Biopython - Analiza genomu
Genom to kompletny zestaw DNA, w tym wszystkie jego geny. Analiza genomu odnosi się do badania poszczególnych genów i ich roli w dziedziczeniu.
Diagram genomu
Diagram genomu przedstawia informacje genetyczne w postaci wykresów. Biopython używa modułu Bio.Graphics.GenomeDiagram do reprezentowania GenomeDiagram. Moduł GenomeDiagram wymaga zainstalowania ReportLab.
Kroki tworzenia diagramu
Proces tworzenia diagramu zasadniczo przebiega według poniższego prostego wzoru -
Utwórz FeatureSet dla każdego oddzielnego zestawu funkcji, które chcesz wyświetlić, i dodaj do nich obiekty Bio.SeqFeature.
Utwórz zestaw wykresów dla każdego wykresu, który chcesz wyświetlić, i dodaj do nich dane wykresu.
Utwórz ścieżkę dla każdej ścieżki, którą chcesz na diagramie i dodaj GraphSets i FeatureSets do żądanych ścieżek.
Utwórz diagram i dodaj do niego ścieżki.
Powiedz Diagramowi, aby narysował obraz.
Zapisz obraz do pliku.
Weźmy przykład wejściowego pliku GenBank -
https://raw.githubusercontent.com/biopython/biopython/master/Doc/examples/ls_orchid.gbki odczytaj rekordy z obiektu SeqRecord, a następnie narysuj diagram genomu.
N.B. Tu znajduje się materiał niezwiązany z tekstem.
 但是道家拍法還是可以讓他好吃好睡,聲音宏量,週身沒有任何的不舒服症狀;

Jest to wyjaśnione poniżej,
Najpierw zaimportujemy wszystkie moduły, jak pokazano poniżej -
>>> from reportlab.lib import colors
>>> from reportlab.lib.units import cm
>>> from Bio.Graphics import GenomeDiagram
Teraz zaimportuj moduł SeqIO, aby odczytać dane -
>>> from Bio import SeqIO
record = SeqIO.read("example.gb", "genbank")
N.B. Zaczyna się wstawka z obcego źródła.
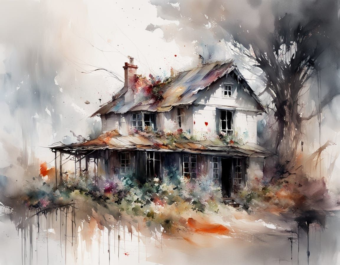 A watercolour painting of an abandoned crooked cottage in a surreal and ethereal style. The artwork features delicate, expressive techniques with cinematic stylization and splashy white space.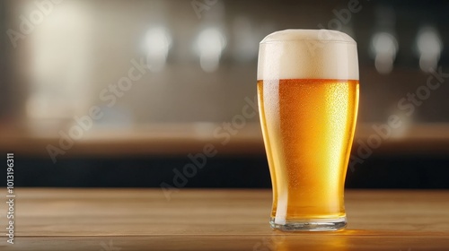 Freshly Poured Cold Beer in a Glass on Bar Counter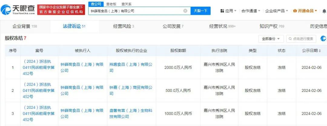 2月6日,钟薛高食品(上海)有限公司新增3则股权冻结信息,冻结股权数额分别为2000万元、1000万元、500万元,股权被执行的企业分别为殊趣食品(上海)有限公司、盘箸有喜(上海)生物科技有限公司、钟嘉(上海)商贸有限公司,冻结期限自2024年2月6日至2027年2月5日。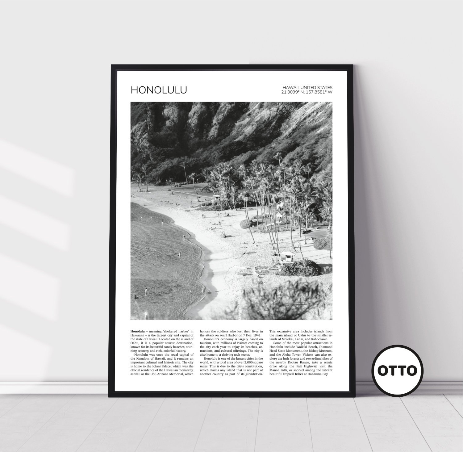 Home Travel Prints Black & White North America Honolulu, Hawaii, USA Travel Poster

Tutaj rekord odczytuje sekwencję z pliku genbank.
Teraz utwórz pusty diagram, aby dodać ścieżkę i zestaw funkcji -
>>> diagram = GenomeDiagram.Diagram(
"Yersinia pestis biovar Microtus plasmid pPCP1")
>>> track = diagram.new_track(1, name="Annotated Features")
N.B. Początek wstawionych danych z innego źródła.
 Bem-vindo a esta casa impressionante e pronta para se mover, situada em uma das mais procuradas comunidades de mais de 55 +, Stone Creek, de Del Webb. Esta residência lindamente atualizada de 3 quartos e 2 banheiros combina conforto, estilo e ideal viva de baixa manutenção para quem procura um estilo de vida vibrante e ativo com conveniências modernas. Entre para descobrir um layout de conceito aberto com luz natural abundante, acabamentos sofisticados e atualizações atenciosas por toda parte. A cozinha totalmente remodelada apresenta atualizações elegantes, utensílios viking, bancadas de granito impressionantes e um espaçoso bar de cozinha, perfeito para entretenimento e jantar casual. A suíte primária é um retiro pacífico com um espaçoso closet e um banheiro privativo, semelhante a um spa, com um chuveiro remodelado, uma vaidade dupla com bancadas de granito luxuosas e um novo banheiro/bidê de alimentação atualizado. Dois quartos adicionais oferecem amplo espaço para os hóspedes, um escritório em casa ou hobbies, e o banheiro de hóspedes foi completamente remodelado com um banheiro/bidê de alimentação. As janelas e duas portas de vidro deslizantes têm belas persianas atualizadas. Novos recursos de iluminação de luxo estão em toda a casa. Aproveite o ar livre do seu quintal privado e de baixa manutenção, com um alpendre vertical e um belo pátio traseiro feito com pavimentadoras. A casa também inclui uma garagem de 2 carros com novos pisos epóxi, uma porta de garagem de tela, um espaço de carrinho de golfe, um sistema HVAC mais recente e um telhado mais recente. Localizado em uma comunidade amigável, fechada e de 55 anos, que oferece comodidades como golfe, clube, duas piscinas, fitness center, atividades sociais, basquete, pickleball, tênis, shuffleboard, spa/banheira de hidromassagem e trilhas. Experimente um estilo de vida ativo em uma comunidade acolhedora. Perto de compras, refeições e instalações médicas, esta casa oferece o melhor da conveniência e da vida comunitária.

>>> feature = track.new_set()
Teraz możemy zastosować zmiany motywu kolorystycznego, używając alternatywnych kolorów od zielonego do szarego, jak zdefiniowano poniżej -
>>> for feature in record.features:
>>> if feature.type != "gene":
>>> continue
>>> if len(feature) % 2 == 0:
>>> color = colors.blue
>>> else:
>>> color = colors.red
>>>
>>> feature.add_feature(feature, color=color, label=True)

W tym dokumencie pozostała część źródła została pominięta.